◆ **Exercise requirements**
Please output exactly the lines below, starting at the line that has "주식 투자에서 성공과" and ending at the line that has "主觀題的考查形式發(fā)生", both included; leave out all pictures and include nothing else.

[Opening Records supplied section]

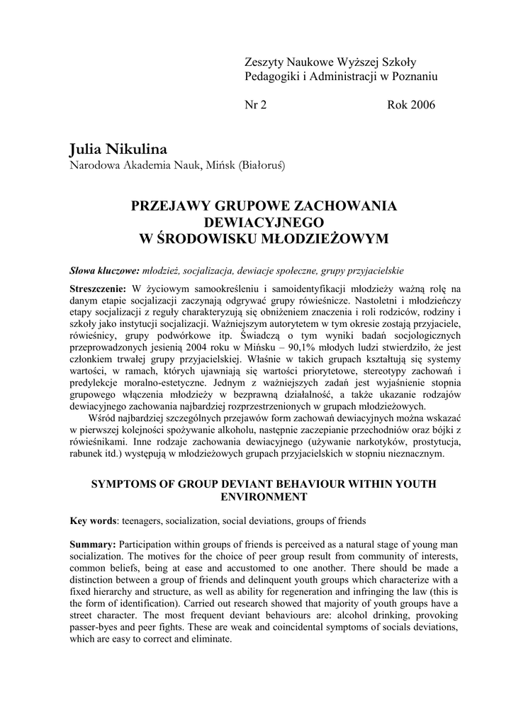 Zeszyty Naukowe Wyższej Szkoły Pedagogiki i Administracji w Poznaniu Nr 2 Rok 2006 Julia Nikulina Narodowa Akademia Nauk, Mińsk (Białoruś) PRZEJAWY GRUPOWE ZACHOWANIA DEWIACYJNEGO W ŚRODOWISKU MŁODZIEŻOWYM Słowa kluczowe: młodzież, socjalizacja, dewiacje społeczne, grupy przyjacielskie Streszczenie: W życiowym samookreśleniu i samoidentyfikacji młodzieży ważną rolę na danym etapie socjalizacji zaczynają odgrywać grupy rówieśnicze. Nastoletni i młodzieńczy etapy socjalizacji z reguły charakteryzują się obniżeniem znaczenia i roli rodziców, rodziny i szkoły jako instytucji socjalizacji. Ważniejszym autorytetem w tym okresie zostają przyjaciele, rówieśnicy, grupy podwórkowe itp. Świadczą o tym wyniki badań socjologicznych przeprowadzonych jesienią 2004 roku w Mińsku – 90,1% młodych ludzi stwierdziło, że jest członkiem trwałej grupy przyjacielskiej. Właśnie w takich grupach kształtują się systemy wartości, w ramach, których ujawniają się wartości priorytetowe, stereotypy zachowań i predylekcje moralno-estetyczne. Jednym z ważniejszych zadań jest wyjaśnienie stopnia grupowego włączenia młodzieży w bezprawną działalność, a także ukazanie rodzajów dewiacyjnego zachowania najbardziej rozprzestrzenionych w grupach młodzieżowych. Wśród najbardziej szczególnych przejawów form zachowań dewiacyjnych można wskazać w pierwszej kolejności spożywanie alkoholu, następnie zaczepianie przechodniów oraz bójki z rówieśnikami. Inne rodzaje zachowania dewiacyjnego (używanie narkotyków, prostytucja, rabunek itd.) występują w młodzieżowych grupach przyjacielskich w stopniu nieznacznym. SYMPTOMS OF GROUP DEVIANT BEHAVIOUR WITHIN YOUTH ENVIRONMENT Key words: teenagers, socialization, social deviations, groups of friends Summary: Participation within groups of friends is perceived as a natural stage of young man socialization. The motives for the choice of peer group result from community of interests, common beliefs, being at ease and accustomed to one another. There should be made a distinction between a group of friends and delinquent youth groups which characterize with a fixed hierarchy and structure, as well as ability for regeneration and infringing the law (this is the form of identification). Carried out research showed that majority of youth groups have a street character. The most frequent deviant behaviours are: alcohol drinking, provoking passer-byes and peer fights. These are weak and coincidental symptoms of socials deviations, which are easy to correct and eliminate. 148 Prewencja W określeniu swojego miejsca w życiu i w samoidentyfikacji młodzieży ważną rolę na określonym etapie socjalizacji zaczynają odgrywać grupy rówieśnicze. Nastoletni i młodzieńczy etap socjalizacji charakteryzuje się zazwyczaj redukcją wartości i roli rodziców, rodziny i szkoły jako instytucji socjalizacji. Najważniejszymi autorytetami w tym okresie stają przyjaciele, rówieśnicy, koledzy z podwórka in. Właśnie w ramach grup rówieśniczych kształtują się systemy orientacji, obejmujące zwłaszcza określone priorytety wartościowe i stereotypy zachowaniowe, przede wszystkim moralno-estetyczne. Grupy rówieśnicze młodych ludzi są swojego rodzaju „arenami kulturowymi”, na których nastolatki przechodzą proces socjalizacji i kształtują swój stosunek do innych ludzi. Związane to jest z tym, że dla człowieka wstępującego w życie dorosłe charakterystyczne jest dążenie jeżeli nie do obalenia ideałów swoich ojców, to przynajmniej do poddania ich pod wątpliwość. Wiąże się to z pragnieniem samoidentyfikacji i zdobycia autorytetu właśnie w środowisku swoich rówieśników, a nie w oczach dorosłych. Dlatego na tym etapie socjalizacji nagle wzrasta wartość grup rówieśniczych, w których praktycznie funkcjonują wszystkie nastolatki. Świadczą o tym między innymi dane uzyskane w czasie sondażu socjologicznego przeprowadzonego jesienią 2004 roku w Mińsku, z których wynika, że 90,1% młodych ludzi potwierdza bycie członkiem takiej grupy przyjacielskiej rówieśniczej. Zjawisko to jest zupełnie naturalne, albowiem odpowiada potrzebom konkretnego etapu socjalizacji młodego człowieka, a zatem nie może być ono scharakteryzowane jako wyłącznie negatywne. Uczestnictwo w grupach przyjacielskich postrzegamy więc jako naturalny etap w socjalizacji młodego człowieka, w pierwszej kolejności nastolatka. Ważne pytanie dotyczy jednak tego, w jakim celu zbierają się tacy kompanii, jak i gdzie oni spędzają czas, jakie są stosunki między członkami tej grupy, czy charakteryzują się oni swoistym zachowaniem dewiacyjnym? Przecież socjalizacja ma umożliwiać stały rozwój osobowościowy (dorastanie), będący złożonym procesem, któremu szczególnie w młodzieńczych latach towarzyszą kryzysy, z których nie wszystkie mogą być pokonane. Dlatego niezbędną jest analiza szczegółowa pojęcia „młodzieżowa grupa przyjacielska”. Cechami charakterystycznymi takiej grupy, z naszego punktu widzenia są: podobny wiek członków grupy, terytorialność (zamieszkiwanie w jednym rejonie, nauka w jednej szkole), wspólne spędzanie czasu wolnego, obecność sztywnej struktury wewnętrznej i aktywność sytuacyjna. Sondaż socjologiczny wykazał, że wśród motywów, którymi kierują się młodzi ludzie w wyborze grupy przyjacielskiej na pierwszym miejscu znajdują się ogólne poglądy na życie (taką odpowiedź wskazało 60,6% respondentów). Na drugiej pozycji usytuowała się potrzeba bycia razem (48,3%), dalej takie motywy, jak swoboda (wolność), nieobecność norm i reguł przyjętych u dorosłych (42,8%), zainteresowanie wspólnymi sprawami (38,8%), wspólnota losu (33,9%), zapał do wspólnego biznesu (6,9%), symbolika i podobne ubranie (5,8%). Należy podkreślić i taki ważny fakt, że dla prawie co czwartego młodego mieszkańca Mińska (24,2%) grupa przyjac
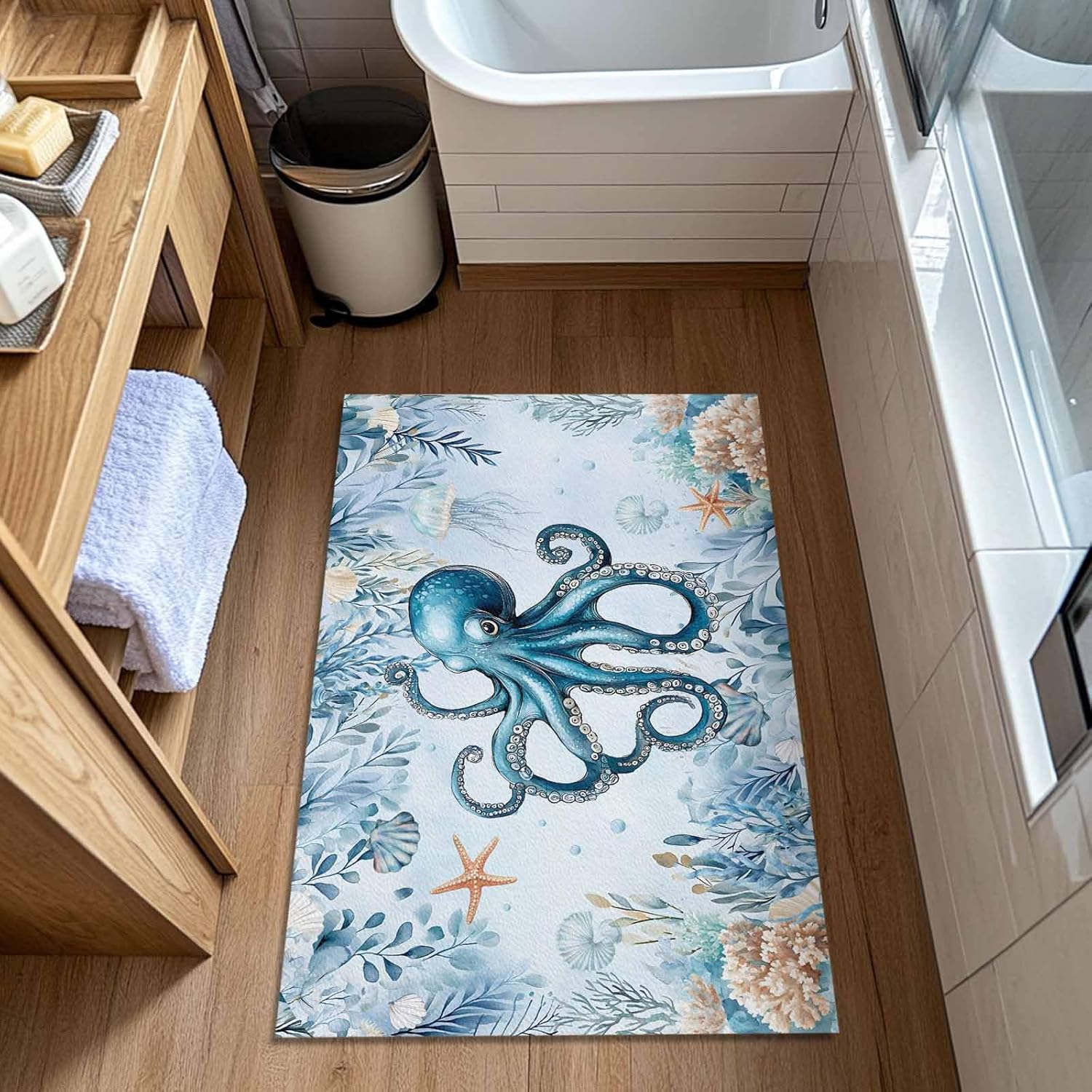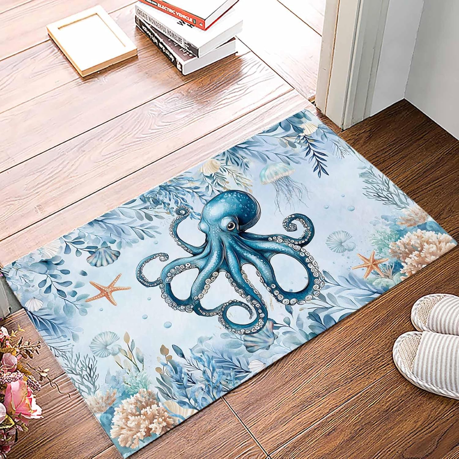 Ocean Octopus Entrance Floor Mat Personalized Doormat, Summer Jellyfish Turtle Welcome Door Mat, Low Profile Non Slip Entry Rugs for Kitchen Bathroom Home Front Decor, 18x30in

[Closing Records supplied section]
[Opening Records supplied section]

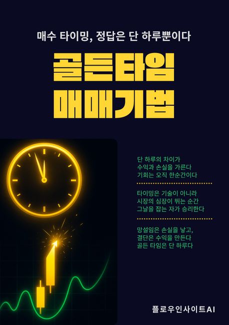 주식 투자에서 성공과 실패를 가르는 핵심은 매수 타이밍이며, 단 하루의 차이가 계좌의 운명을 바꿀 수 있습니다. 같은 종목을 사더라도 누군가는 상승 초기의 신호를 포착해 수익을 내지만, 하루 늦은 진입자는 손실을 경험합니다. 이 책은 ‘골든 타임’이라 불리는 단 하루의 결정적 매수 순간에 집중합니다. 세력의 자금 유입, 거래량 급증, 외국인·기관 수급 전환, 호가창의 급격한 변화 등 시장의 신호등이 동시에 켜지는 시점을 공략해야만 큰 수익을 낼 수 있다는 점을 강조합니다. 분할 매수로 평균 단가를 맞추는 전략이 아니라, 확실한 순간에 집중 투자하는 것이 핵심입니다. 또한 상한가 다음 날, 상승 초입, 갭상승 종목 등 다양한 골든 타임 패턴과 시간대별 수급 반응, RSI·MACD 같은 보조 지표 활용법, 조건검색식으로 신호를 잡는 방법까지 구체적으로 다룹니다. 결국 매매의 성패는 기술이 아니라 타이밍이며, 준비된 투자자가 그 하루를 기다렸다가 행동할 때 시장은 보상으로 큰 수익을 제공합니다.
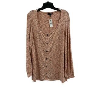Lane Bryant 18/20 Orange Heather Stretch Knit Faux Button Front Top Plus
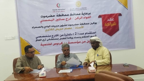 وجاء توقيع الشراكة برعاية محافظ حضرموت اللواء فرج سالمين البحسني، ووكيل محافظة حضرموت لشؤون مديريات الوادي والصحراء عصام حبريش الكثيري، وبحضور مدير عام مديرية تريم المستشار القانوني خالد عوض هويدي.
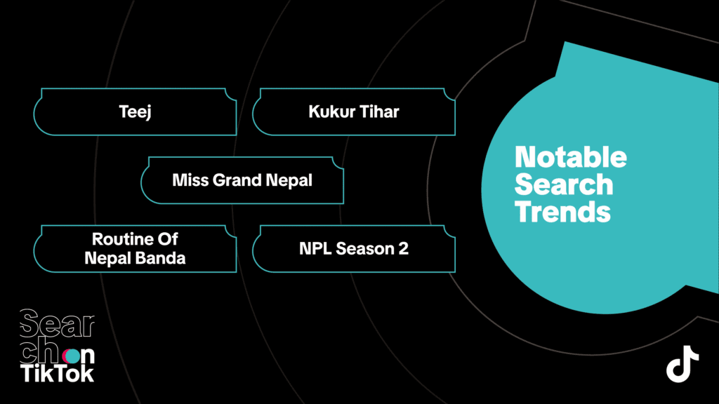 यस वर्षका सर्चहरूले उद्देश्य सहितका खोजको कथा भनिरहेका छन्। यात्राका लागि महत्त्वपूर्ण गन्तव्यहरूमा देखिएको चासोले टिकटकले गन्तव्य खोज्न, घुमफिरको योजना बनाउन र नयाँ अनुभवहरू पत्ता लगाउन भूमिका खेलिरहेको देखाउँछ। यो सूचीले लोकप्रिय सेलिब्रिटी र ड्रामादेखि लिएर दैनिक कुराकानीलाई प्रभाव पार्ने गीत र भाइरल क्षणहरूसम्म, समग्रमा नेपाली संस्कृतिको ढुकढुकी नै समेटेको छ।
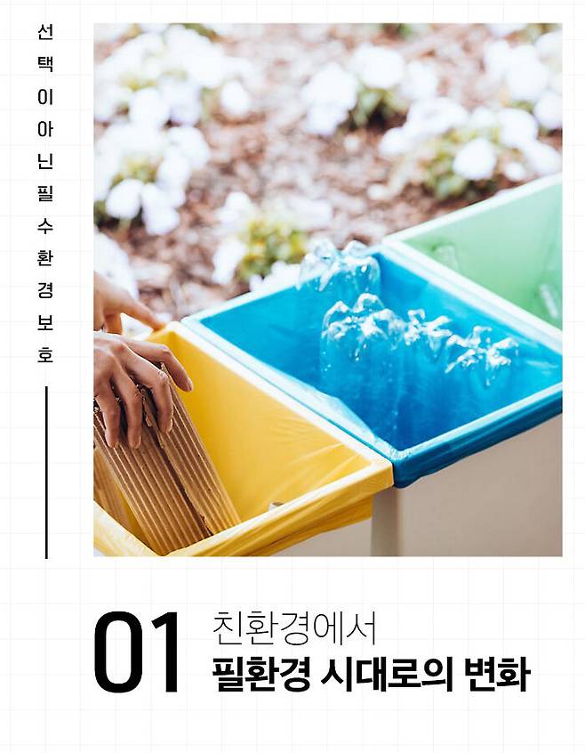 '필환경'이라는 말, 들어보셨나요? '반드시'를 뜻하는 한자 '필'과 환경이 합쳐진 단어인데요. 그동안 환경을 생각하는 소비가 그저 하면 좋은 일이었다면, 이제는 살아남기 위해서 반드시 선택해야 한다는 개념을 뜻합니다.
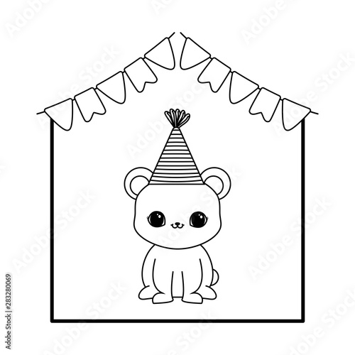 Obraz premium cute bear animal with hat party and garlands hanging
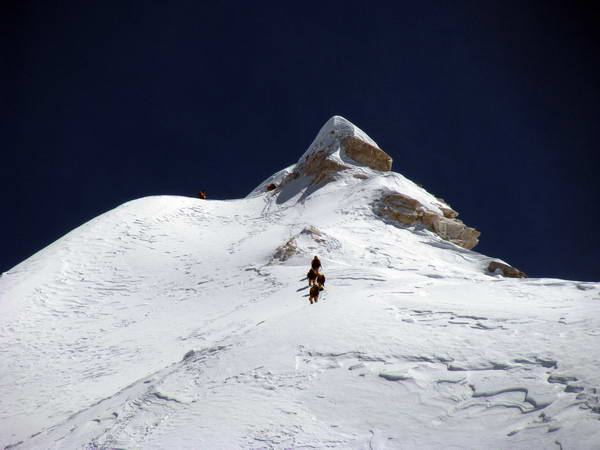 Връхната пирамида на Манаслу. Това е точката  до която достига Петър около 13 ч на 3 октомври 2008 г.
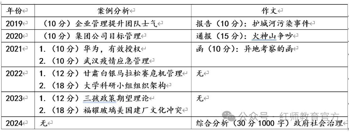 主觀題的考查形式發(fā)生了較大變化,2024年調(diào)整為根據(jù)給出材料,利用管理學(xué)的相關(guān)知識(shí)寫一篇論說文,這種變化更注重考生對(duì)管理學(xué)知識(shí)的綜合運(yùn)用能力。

[Closing Records supplied section]
[Opening Records supplied section]

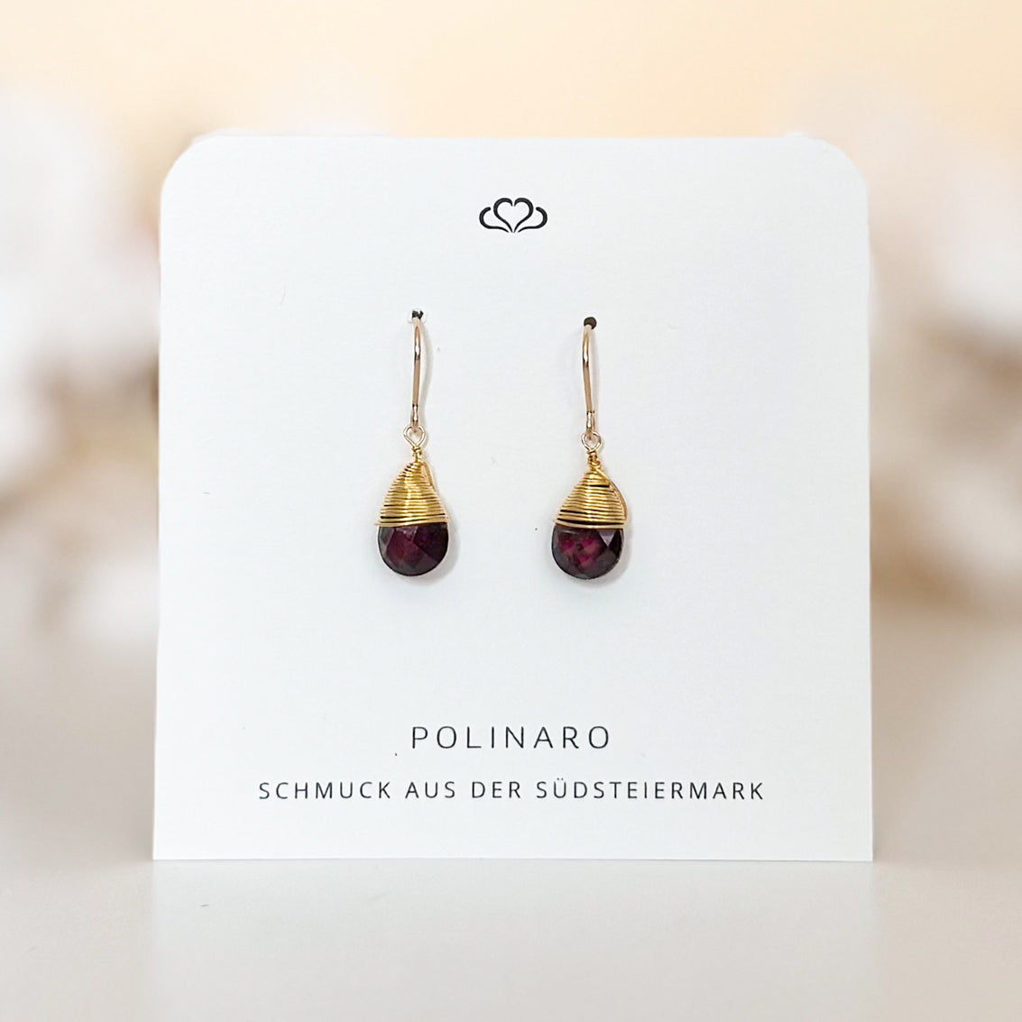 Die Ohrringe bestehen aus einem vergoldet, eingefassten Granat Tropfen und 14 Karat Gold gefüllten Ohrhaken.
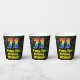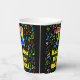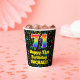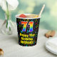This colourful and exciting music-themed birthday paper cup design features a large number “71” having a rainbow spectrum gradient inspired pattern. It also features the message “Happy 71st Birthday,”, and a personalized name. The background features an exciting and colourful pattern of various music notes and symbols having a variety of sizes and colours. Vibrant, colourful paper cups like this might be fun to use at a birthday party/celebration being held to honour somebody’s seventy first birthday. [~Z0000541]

[Closing Records supplied section]

◆ **Answer space**
 주식 투자에서 성공과 실패를 가르는 핵심은 매수 타이밍이며, 단 하루의 차이가 계좌의 운명을 바꿀 수 있습니다. 같은 종목을 사더라도 누군가는 상승 초기의 신호를 포착해 수익을 내지만, 하루 늦은 진입자는 손실을 경험합니다. 이 책은 ‘골든 타임’이라 불리는 단 하루의 결정적 매수 순간에 집중합니다. 세력의 자금 유입, 거래량 급증, 외국인·기관 수급 전환, 호가창의 급격한 변화 등 시장의 신호등이 동시에 켜지는 시점을 공략해야만 큰 수익을 낼 수 있다는 점을 강조합니다. 분할 매수로 평균 단가를 맞추는 전략이 아니라, 확실한 순간에 집중 투자하는 것이 핵심입니다. 또한 상한가 다음 날, 상승 초입, 갭상승 종목 등 다양한 골든 타임 패턴과 시간대별 수급 반응, RSI·MACD 같은 보조 지표 활용법, 조건검색식으로 신호를 잡는 방법까지 구체적으로 다룹니다. 결국 매매의 성패는 기술이 아니라 타이밍이며, 준비된 투자자가 그 하루를 기다렸다가 행동할 때 시장은 보상으로 큰 수익을 제공합니다.
Lane Bryant 18/20 Orange Heather Stretch Knit Faux Button Front Top Plus
 وجاء توقيع الشراكة برعاية محافظ حضرموت اللواء فرج سالمين البحسني، ووكيل محافظة حضرموت لشؤون مديريات الوادي والصحراء عصام حبريش الكثيري، وبحضور مدير عام مديرية تريم المستشار القانوني خالد عوض هويدي.
 यस वर्षका सर्चहरूले उद्देश्य सहितका खोजको कथा भनिरहेका छन्। यात्राका लागि महत्त्वपूर्ण गन्तव्यहरूमा देखिएको चासोले टिकटकले गन्तव्य खोज्न, घुमफिरको योजना बनाउन र नयाँ अनुभवहरू पत्ता लगाउन भूमिका खेलिरहेको देखाउँछ। यो सूचीले लोकप्रिय सेलिब्रिटी र ड्रामादेखि लिएर दैनिक कुराकानीलाई प्रभाव पार्ने गीत र भाइरल क्षणहरूसम्म, समग्रमा नेपाली संस्कृतिको ढुकढुकी नै समेटेको छ।
 '필환경'이라는 말, 들어보셨나요? '반드시'를 뜻하는 한자 '필'과 환경이 합쳐진 단어인데요. 그동안 환경을 생각하는 소비가 그저 하면 좋은 일이었다면, 이제는 살아남기 위해서 반드시 선택해야 한다는 개념을 뜻합니다.
 Obraz premium cute bear animal with hat party and garlands hanging
 Връхната пирамида на Манаслу. Това е точката  до която достига Петър около 13 ч на 3 октомври 2008 г.
 主觀題的考查形式發(fā)生了較大變化,2024年調(diào)整為根據(jù)給出材料,利用管理學(xué)的相關(guān)知識(shí)寫一篇論說文,這種變化更注重考生對(duì)管理學(xué)知識(shí)的綜合運(yùn)用能力。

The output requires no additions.